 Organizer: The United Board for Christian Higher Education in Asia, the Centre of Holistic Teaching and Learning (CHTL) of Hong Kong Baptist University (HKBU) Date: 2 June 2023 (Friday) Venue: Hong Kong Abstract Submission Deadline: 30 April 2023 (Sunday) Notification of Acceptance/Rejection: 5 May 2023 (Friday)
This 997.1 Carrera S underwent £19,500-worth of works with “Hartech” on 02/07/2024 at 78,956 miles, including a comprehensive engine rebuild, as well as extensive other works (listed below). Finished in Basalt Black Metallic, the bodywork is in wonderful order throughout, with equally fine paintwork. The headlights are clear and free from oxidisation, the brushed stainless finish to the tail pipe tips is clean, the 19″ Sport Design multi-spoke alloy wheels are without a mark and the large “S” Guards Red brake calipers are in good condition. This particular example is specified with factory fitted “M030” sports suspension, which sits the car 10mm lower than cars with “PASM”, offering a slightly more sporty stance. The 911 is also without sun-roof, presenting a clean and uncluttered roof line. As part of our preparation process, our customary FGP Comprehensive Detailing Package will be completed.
+===+
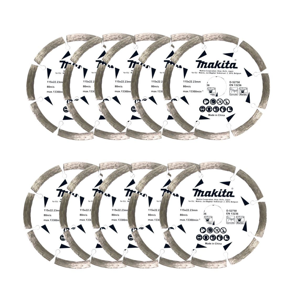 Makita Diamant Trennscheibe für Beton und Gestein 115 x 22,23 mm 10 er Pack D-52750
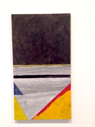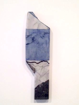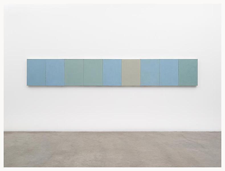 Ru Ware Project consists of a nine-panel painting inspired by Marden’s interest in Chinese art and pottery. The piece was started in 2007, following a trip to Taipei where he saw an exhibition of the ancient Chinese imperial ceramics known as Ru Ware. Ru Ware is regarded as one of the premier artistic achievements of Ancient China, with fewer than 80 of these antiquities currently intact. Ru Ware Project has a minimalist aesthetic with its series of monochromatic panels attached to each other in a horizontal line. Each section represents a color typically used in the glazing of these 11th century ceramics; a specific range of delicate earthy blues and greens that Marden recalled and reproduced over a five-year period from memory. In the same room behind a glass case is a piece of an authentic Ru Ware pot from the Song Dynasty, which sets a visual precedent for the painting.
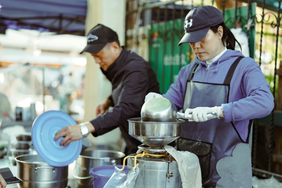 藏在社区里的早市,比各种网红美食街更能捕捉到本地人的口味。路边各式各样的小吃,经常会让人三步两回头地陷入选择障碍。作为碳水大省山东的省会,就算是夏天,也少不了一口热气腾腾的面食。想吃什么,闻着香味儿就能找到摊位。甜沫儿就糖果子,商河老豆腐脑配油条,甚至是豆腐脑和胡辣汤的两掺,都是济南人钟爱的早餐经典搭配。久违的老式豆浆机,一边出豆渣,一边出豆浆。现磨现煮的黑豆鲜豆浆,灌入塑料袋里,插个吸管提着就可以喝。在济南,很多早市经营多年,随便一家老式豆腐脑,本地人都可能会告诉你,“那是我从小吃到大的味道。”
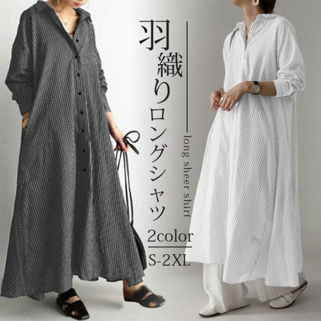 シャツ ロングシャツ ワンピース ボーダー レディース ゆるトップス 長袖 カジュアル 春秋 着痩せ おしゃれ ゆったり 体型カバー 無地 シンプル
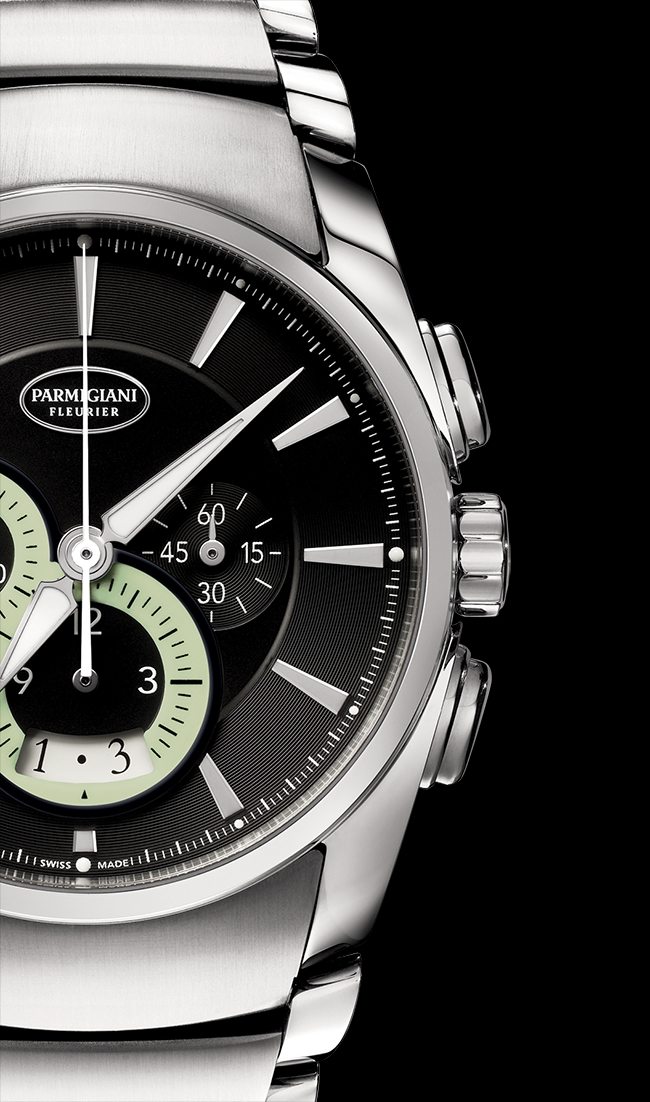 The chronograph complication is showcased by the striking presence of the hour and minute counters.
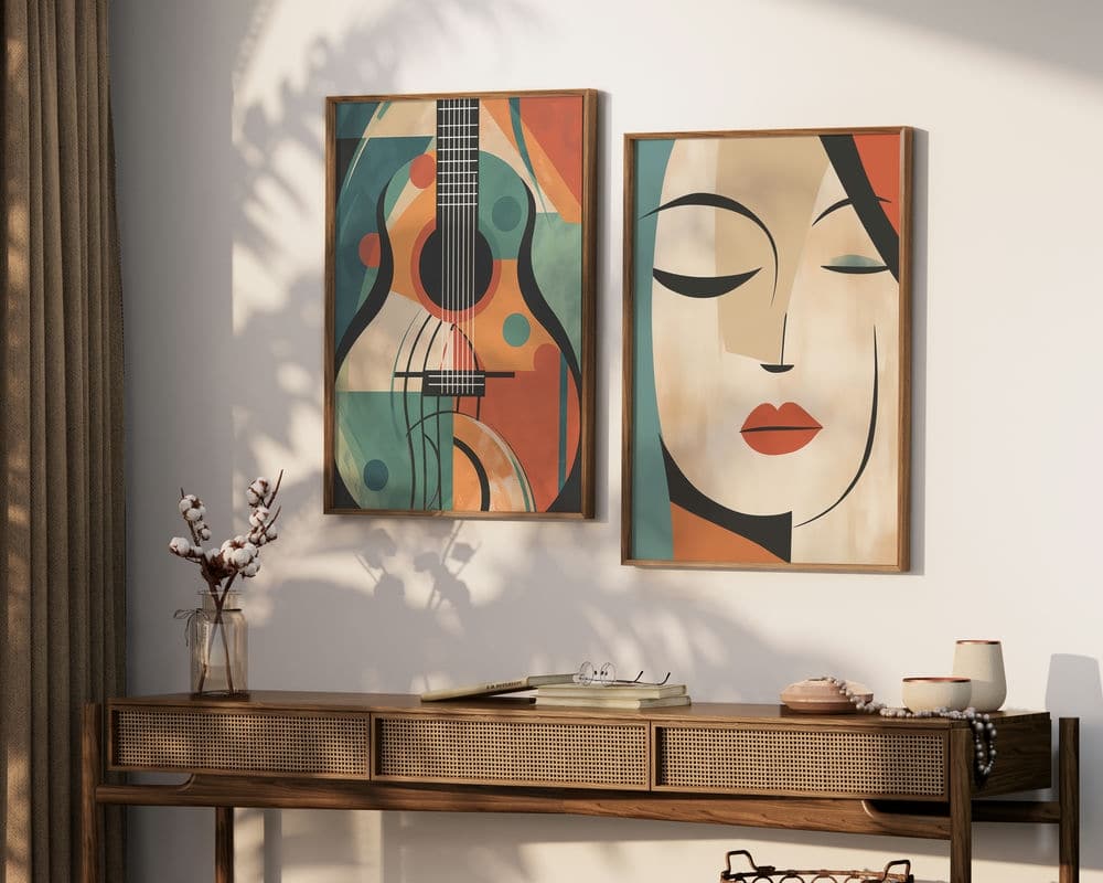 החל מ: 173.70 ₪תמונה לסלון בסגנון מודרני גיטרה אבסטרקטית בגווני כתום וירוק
+===+
YOUR GOAL: Pictures excluded, transcribe the listing above exactly from the line with "シャツ ロングシャツ ワンピース" through the line with "החל מ: 173.70", and no further.

OUTPUT OF THE TASK:
 シャツ ロングシャツ ワンピース ボーダー レディース ゆるトップス 長袖 カジュアル 春秋 着痩せ おしゃれ ゆったり 体型カバー 無地 シンプル
 The chronograph complication is showcased by the striking presence of the hour and minute counters.
 החל מ: 173.70 ₪תמונה לסלון בסגנון מודרני גיטרה אבסטרקטית בגווני כתום וירוק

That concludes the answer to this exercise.